REQUIRED ACTION:
Would you please give the entries again word for word, with no images in your copy?

---------- INPUT

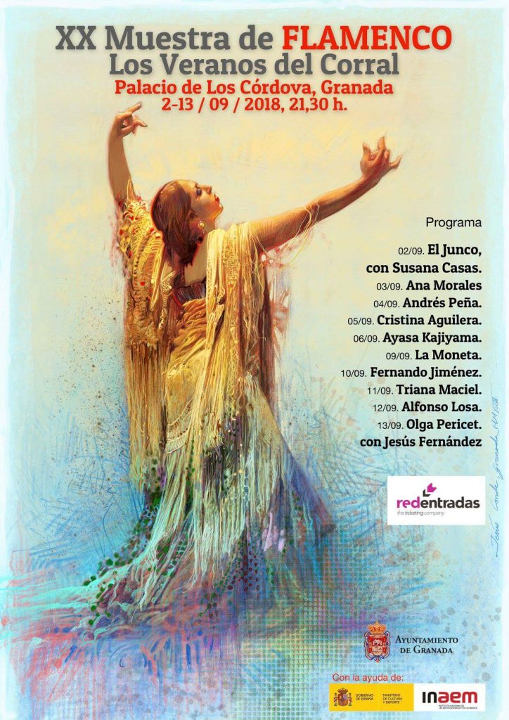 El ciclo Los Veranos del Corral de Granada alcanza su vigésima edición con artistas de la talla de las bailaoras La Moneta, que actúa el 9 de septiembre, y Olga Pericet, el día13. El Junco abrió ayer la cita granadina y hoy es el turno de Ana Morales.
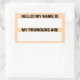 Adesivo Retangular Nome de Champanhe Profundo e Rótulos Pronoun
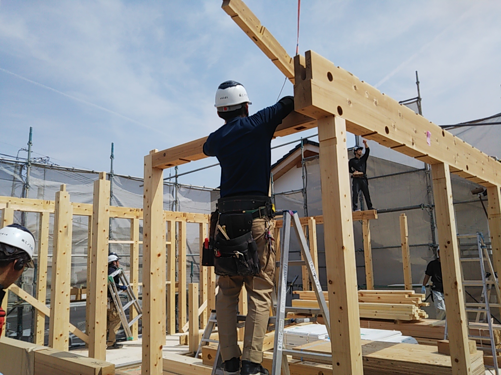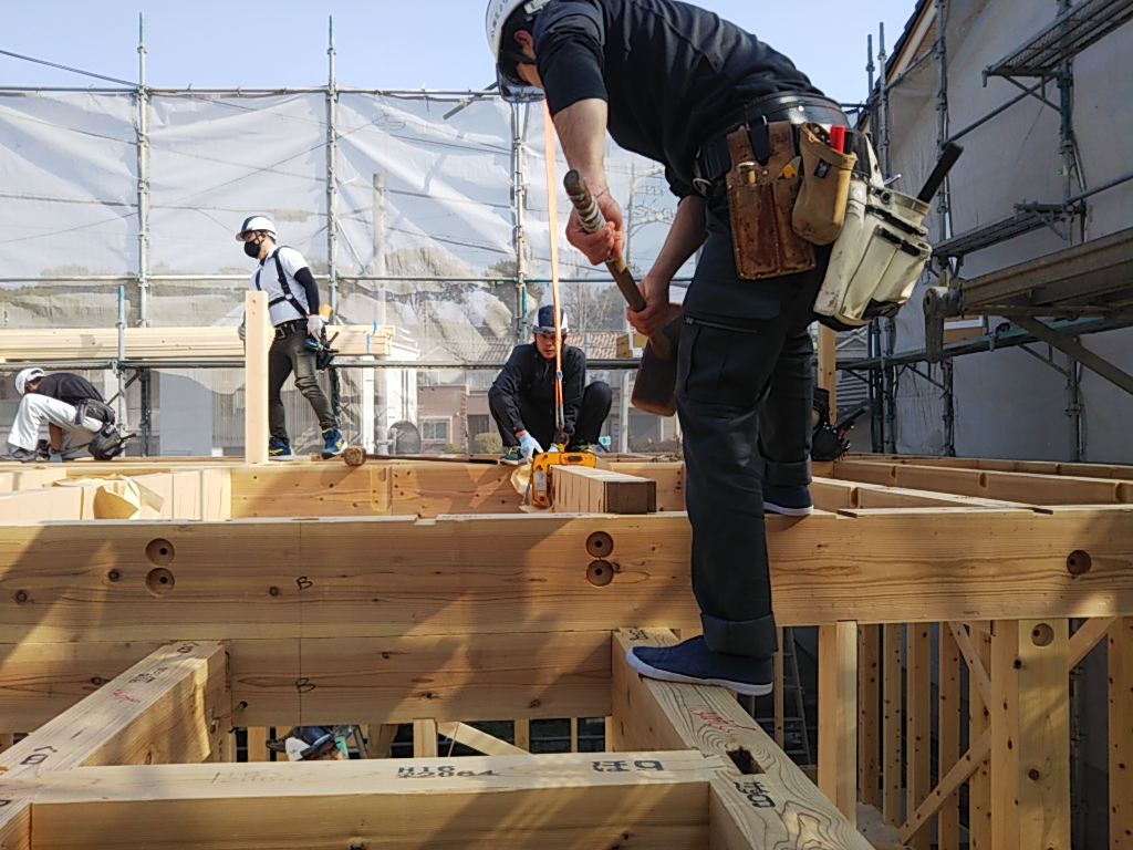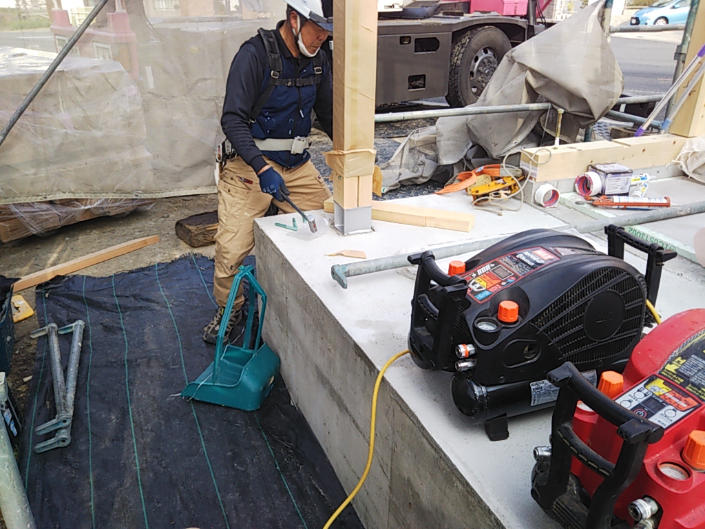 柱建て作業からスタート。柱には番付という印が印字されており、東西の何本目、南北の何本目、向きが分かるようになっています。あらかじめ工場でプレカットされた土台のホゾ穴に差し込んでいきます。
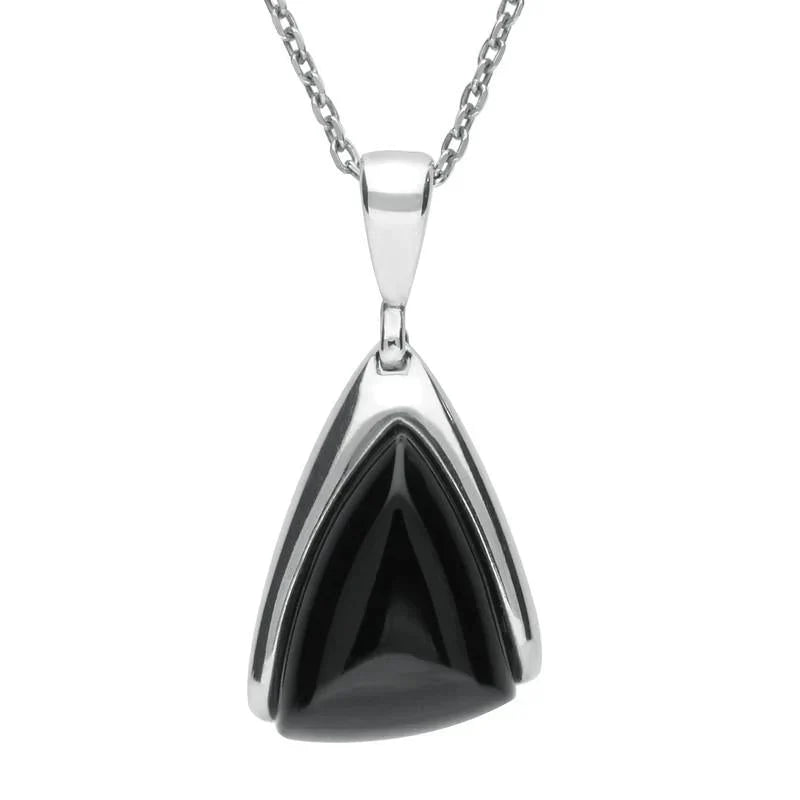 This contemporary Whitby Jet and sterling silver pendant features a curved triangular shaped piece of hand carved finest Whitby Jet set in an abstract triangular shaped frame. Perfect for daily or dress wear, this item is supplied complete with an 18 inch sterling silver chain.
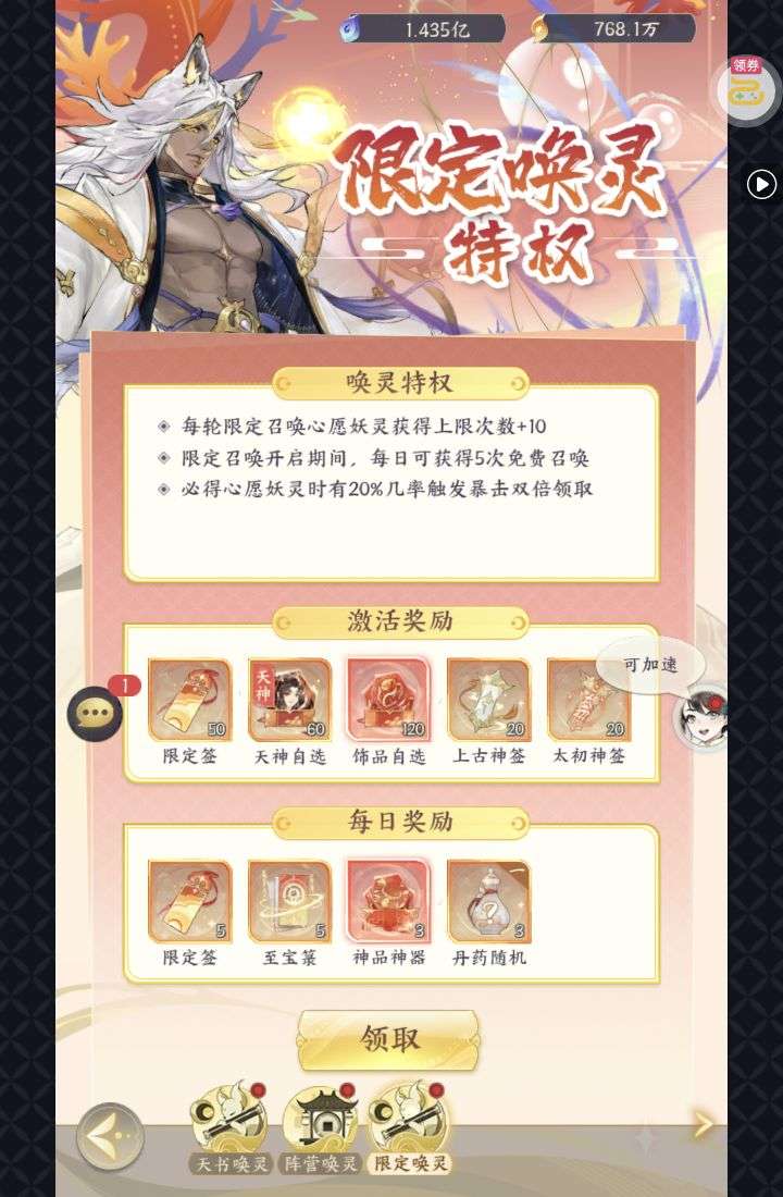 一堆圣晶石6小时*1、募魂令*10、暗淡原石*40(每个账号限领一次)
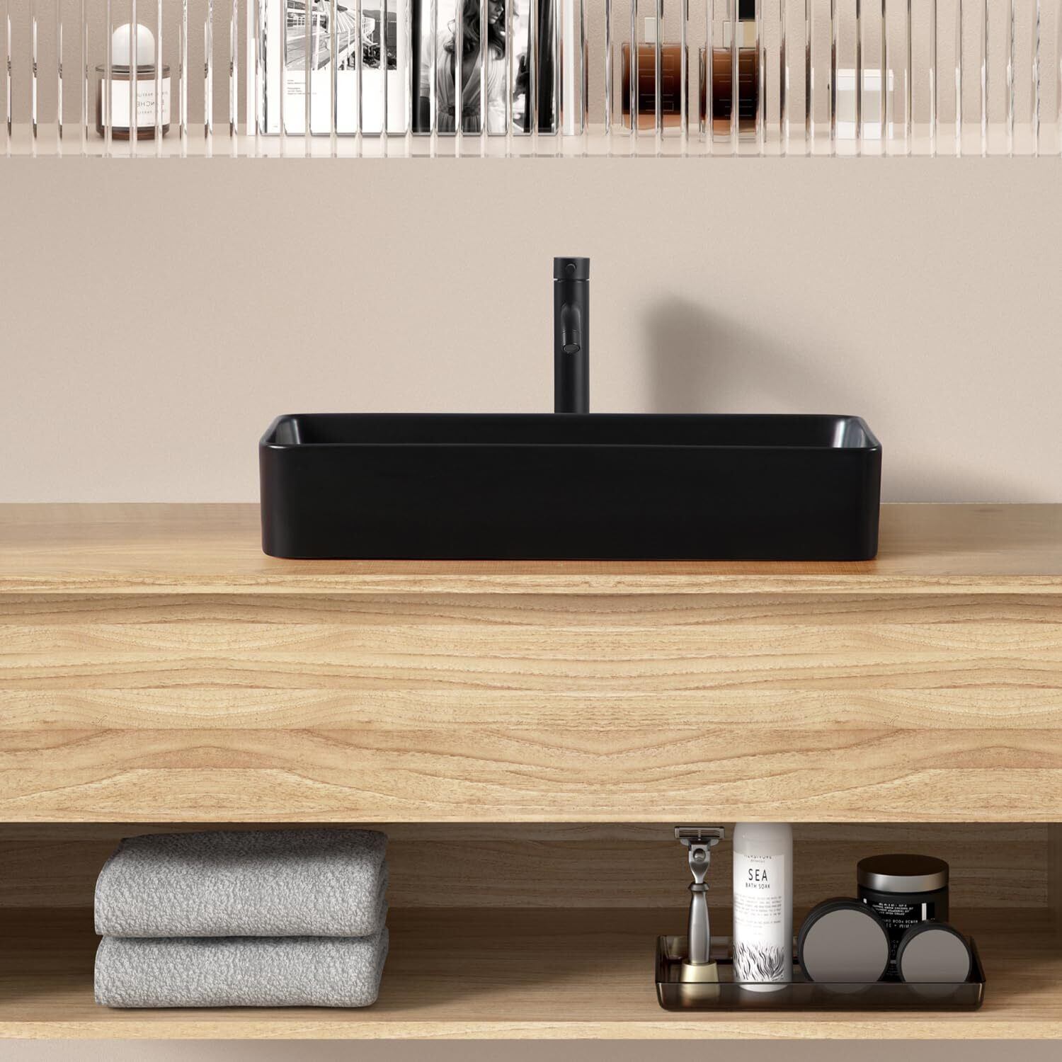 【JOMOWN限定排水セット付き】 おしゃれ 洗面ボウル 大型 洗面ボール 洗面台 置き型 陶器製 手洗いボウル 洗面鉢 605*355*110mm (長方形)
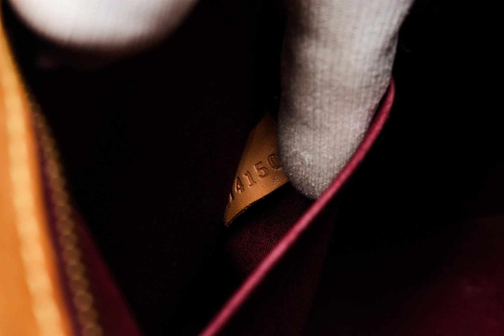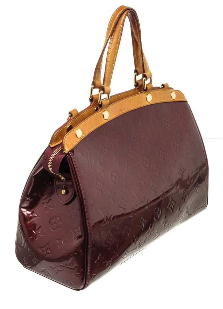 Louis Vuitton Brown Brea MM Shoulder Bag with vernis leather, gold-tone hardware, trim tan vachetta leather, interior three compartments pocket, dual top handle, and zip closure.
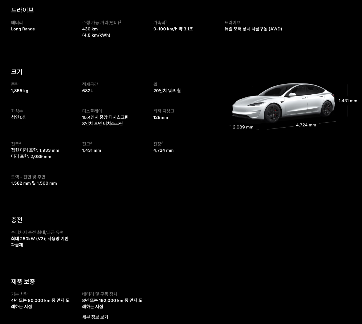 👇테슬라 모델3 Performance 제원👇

--------------------

SOLVED PROBLEM:
 El ciclo Los Veranos del Corral de Granada alcanza su vigésima edición con artistas de la talla de las bailaoras La Moneta, que actúa el 9 de septiembre, y Olga Pericet, el día13. El Junco abrió ayer la cita granadina y hoy es el turno de Ana Morales.
 Adesivo Retangular Nome de Champanhe Profundo e Rótulos Pronoun
 柱建て作業からスタート。柱には番付という印が印字されており、東西の何本目、南北の何本目、向きが分かるようになっています。あらかじめ工場でプレカットされた土台のホゾ穴に差し込んでいきます。
 This contemporary Whitby Jet and sterling silver pendant features a curved triangular shaped piece of hand carved finest Whitby Jet set in an abstract triangular shaped frame. Perfect for daily or dress wear, this item is supplied complete with an 18 inch sterling silver chain.
 一堆圣晶石6小时*1、募魂令*10、暗淡原石*40(每个账号限领一次)
 【JOMOWN限定排水セット付き】 おしゃれ 洗面ボウル 大型 洗面ボール 洗面台 置き型 陶器製 手洗いボウル 洗面鉢 605*355*110mm (長方形)
 Louis Vuitton Brown Brea MM Shoulder Bag with vernis leather, gold-tone hardware, trim tan vachetta leather, interior three compartments pocket, dual top handle, and zip closure.
 👇테슬라 모델3 Performance 제원👇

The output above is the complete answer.